Figure 2 with 1 supplement see all
Subclustering and pseudotime trajectory analyses of three major hemocyte types in shrimp hemolymph.

(A) Subclusters of hemocytes–prohemocytes (PH), monocytic hemocytes (MH), granulocytes (GH) are projected onto two-dimensional t-SNE plots. The numbers in the plots represent the subcluster number. (B) Dot plot showing corresponding expression of cluster marker genes. The color indicates mean expression and dot size represents the percentage of cells within the cluster expressing the marker. Last nine digits of each marker gene are the NCBI GeneID. (C) Expression of cell-cycle regulating genes in the six subtypes. Dot color indicates average expression levels and dot size displays the average percentage of cells with cell cycle controlling genes (Cdk1(ncbi_113818305), CycD(ncbi_113814652), and CycE(ncbi_113822658) for G1; stg(ncbi_113800052), CycA(ncbi_113821735), and CycB(ncbi_113803283) for G2; polo(ncbi_113805901), aurB(ncbi_113827838), and birc5(ncbi_113828653) for M) in each subcluster. (D) A differentiation trajectory of PH, GH, and MH subpopulation using Monocle2 (n=31821). (E) Differentiation trajectory reconstruction with 6 subclusters. PH lineage, GH lineage, and MH lineage were labelled with red, blue, and brown circles respectively. (F) A heatmap showing differentially expressed gene dynamics during hemocyte differentiation process. (G) Spline plots showing the expression dynamics of Fli1, c-Rel, and MAF. Imaginary line, monocytic hemocyte lineage; Full line, granulocyte lineage.

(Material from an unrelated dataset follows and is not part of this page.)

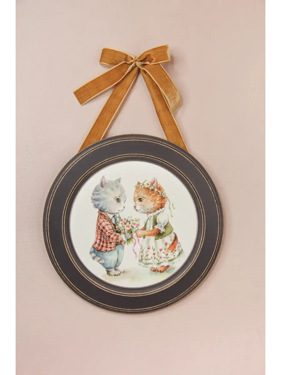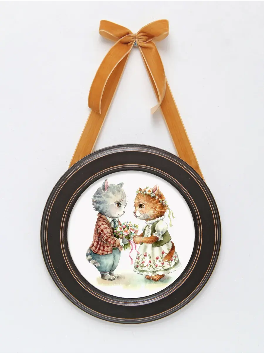 Настенный декор в нежных пастельных тонах с милыми зайчиками в раме приятного шоколадно-коричневого цвета. Бархатная лента благородного зеленого цвета добавляет картине изысканности. Картина напечатана на натуральном холсте, покрыта матовым лаком станет прекрасным дополнением и украшением интерьера.

Identification of a macrophage-like phagocytic cell population in shrimp hemolymph

Next, we analyzed the similarities that MH2 might be sharing with terminally differentiated monocyte-like macrophages or dendritic cells. Recently, the Human Cell Atlas mapped the expression of most genes across major human cell types (Karlsson et al., 2021). We compared MH2 marker genes with that in the human database and found human homologs for nine MH2 marker genes including chitotriosidase (CHIT1), lysozyme (Lyz1), lipase (LIPF), legumain (LGMN), Nlrp3, alpha-N-acetylgalactosaminidase (NAGA), zinc finger E-box-binding homeobox 1(zfh1), caspase1 (Casp1), and NPC intracellular cholesterol transporter 2 (NPC2). These genes were specifically expressed in human macrophages, including in some tissue-specific macrophages such as Kupffer cells and Hofbauer cells (Figure 3A, Figure 3—figure supplement 1, Figure 1—figure supplement 2B; Karlsson et al., 2021). This suggests that MH2 might be the invertebrate homolog of human macrophages, and various tissue-specific macrophages could have evolved from a common primitive cell type.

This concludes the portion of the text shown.